■ **Your goal**: Among the lines below, output only those between the line holding "mobiele, app |" and the line holding "Уголок душевой Abber", inclusive, exactly as written and with no pictures.

■ **Data to process**:
== Segment start ==
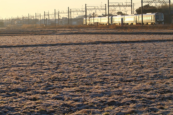 ●一面に霜が降りた朝、会津への特急が駆けて行きます。
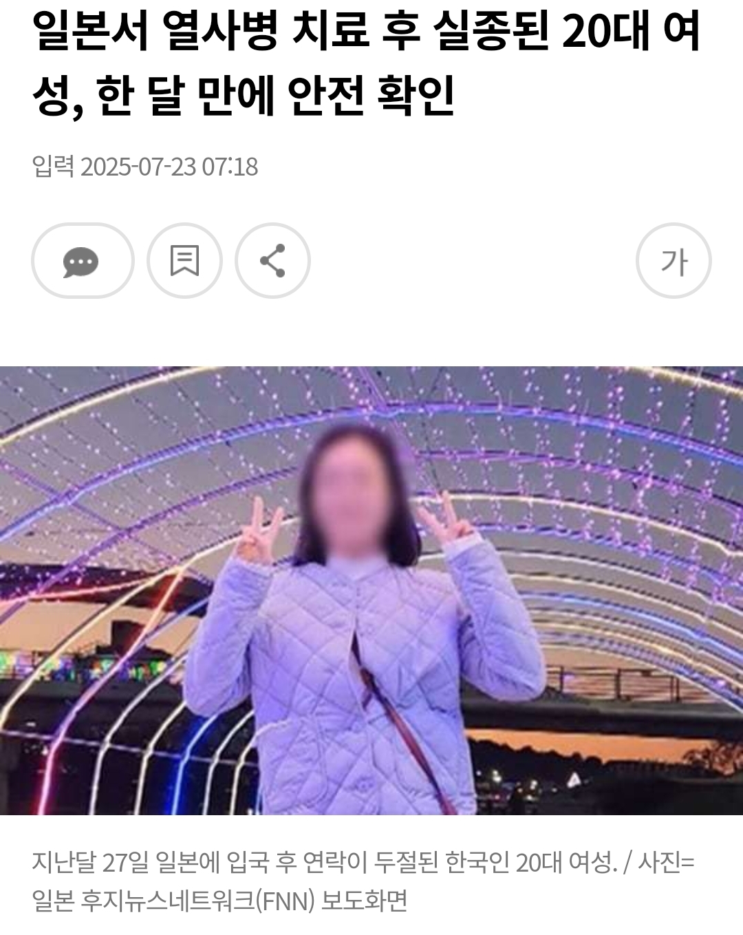일본 여행 중 열사병으로 병원 치료를 받은 뒤 한 달 가까이 연락이 끊긴 한국인 20대 여성의 안전이 확인됐습니다.
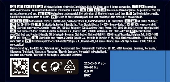 | Belangrijke extra opties | Timer, Poetsdruksensor, Batterij-indicator, Werkt, met, mobiele, app |
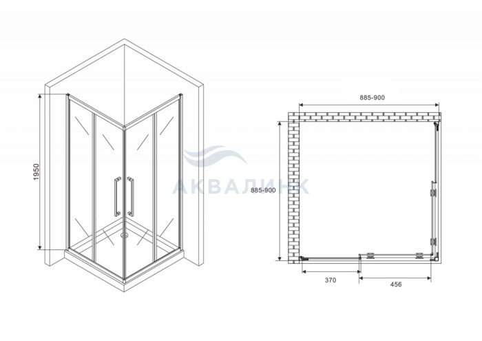 Уголок душевой Abber Schwarzer Diamant AG02BMH квадратный, черный профиль, матовый, вход с угла
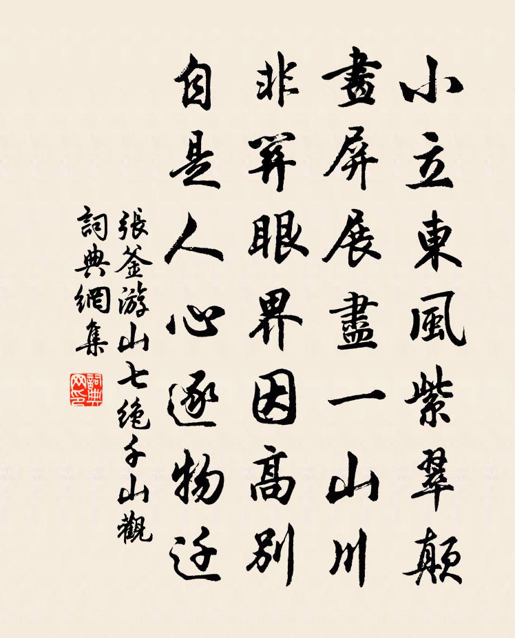 詩詞名句歷史字典書法欣賞書法字典國語詞典說文解字康熙字典古漢語字典標 題 作 者 詩 句 游山七絕千山觀作者:張釜 朝代:宋代游山七絕千山觀原文小立東風紫翠顛,畫屏展盡一山川。非關眼界因高別,自是人心逐物遷。詩詞問答問:游山七絕千山觀的作者是誰?答:張釜問:游山七絕千山觀寫於哪個朝代?答:宋代張釜游山七絕千山觀書法欣賞游山七絕千山觀書法作品詩詞推薦八景勝概卦尖望鼎方鳳〔宋代〕遙岑誰畫卦,置此荊山鼎。乍可奼女飛,千秋覘溟涬。和群貺幕秋四日登入石寺閣泛洛舟右泛舟司馬光〔宋代〕葉下宮槐老,雲飛洛浦秋。復陪元禮棹,卻望仲宣樓。曲岸迷頻轉,遙山碎不流。夷猶聊寓賞,浩蕩得忘憂。晨出山中晚興陸游〔宋代〕薄酒亦陶然,偃蹇澗石側。巾墮拄杖橫,意象頗自得。青山受落日,忽作玻璃色。躊躇不忍去,下磴天已黑。水西館泛舟送王員外獨孤及〔唐代〕單醪敢獻酢,曲沼荷經過。泛覽親魚鳥,夤緣涉芰荷。劇談增惠愛,美景借清和。明日汀洲草,依依奈別何。柘溪道中釋文珦〔宋代〕荒煙迷小市,細雨隔遙津。麥浪農疇晚,桐花客路春。幾番時序換,兩鬢雪霜新。唯有溪邊鷺,相看似故人。帆徐夤〔唐代〕豈勞孤棹送行舟,輕過天涯勢未休。斷岸曉看殘月掛,遠灣寒背夕陽收。川平直可追飛箭,風健還能溯急流。幸遇七兄以庚戌重陽前解江東常平印泝江而歸先寄周必大〔宋代〕早日常同席,中間屢話離。呂梁今破夢,曹發共深期。菊圃新開徑,茅齋正築基。不妨風雨夜,酌酒更論詩。哭戴敬夫劉城〔清代〕青山來此赴,白日欲成陰。已痛故人絕,更傷節士心。衣冠猶就殮,宗祏不俱沉。洞腹逃禪事,千秋名自今。奉和張僕射朝天行權德輿〔唐代〕元侯重寄貞師律,三郡四封今靜謐。丹轂常思闕下來,紫泥忽自天中出。軍裝喜氣倍趨程,千騎鳴珂入鳳城。周王舅氏自壽陽由京師歸安陸宋祁〔宋代〕道舊欣來駕,銷魂遽遠離。顛毛同白日,俗眼暫青時。客飯稽留數,齋醪酪酊遲。風波須畏險,老大共餘悲。楚莽莊鵾辭海鄭獬〔宋代〕歸路漸驚紅葉老,舊山已落白雲深。莊鵾聊欲辭滄海,越鳥終須憶故林。送人謁柳開釋正緣〔宋代〕柳牆高於花,怒飛方可至。奇哉游夏徒,吐辭作雄翅。送劉前豀李新〔宋代〕耀靈浴虞淵,光屬朝夕池。氤氳滿寰宇,幽草無閒枝。岷山玉嶺花,寸根武陵西。寒搖塞北霜,疏影何葳蕤。春意秋日二首李世民〔唐代〕菊散金風起,荷疏玉露圓。將秋數行雁,離夏幾林蟬。雲凝愁半嶺,霞碎纈高天。還似成都望,直見峨眉前。爽氣題宿雲軒王之道〔宋代〕朝來怯秋霜,生撇瓮里清。我老顏已衰,一杯聊發赬。村龍怪我醉,忽吠三二聲。蜀月不可見,宿雲有新行。念奴嬌程公許〔宋代〕曉涼散策,恨西風不貸,一池殘綠。誰與冰輪撝玉斧,恰好今宵圓足。樹杪翻光,莎庭轉影,零亂昆台玉。盪胸清一日曲梅堯臣〔宋代〕妾家鄧侯國,肯愧邯鄲姝。世本富繒綺,嬌愛比明珠。十五學組紃,未嘗開戶樞。十六失所適,姓名傾里閭。十七漢宮春·會稽蓬萊閣懷古辛棄疾〔宋代〕秦望山頭,看亂雲急雨,倒立江湖。不如雲者為雨,雨者云乎。長空萬里,被西風、變滅須臾。回首聽,月明天籟和姚令威春陰四絕王之望〔宋代〕休對風光感物華,且將春酒趁春賒。一聲杜宇芳菲晚,只有荼蘼芍藥花。初冬雜題陸游〔宋代〕勳業文章意已闌,暮年不足是看山。江南寺寺樓堪倚,安得身如杜牧閒!名句推薦問弄雪飄枝,無雙亭上,何日重遊。鄭覺齊《揚州慢·瓊花》 借問酒家何處有?牧童遙指杏花村。杜牧《清明》 侵陵雪色還萱草,漏泄春光有柳條。杜甫《臘日》 輕解羅裳,獨上蘭舟。李清照《一剪梅·紅藕香殘玉簟秋》 守分安命,順時聽天。朱柏廬《朱子家訓·全文》 雖死之日,猶生之年陳壽《三國志·吳書·吳主五子傳》 閉門覓句陳無己,對客揮毫秦少游。黃庭堅《病起荊江亭即事》 人有不為也,而後可以有為。孟子《孟子·離婁章句下·第八節》 風雨淒淒,雞鳴喈喈。佚名《風雨》 馬蹄濃露,雞聲淡月,寂歷荒村路。張榘《青玉案·被檄出郊題陳氏山居》
== Segment end ==
■ **Solution for this problem**:
 | Belangrijke extra opties | Timer, Poetsdruksensor, Batterij-indicator, Werkt, met, mobiele, app |
 Уголок душевой Abber Schwarzer Diamant AG02BMH квадратный, черный профиль, матовый, вход с угла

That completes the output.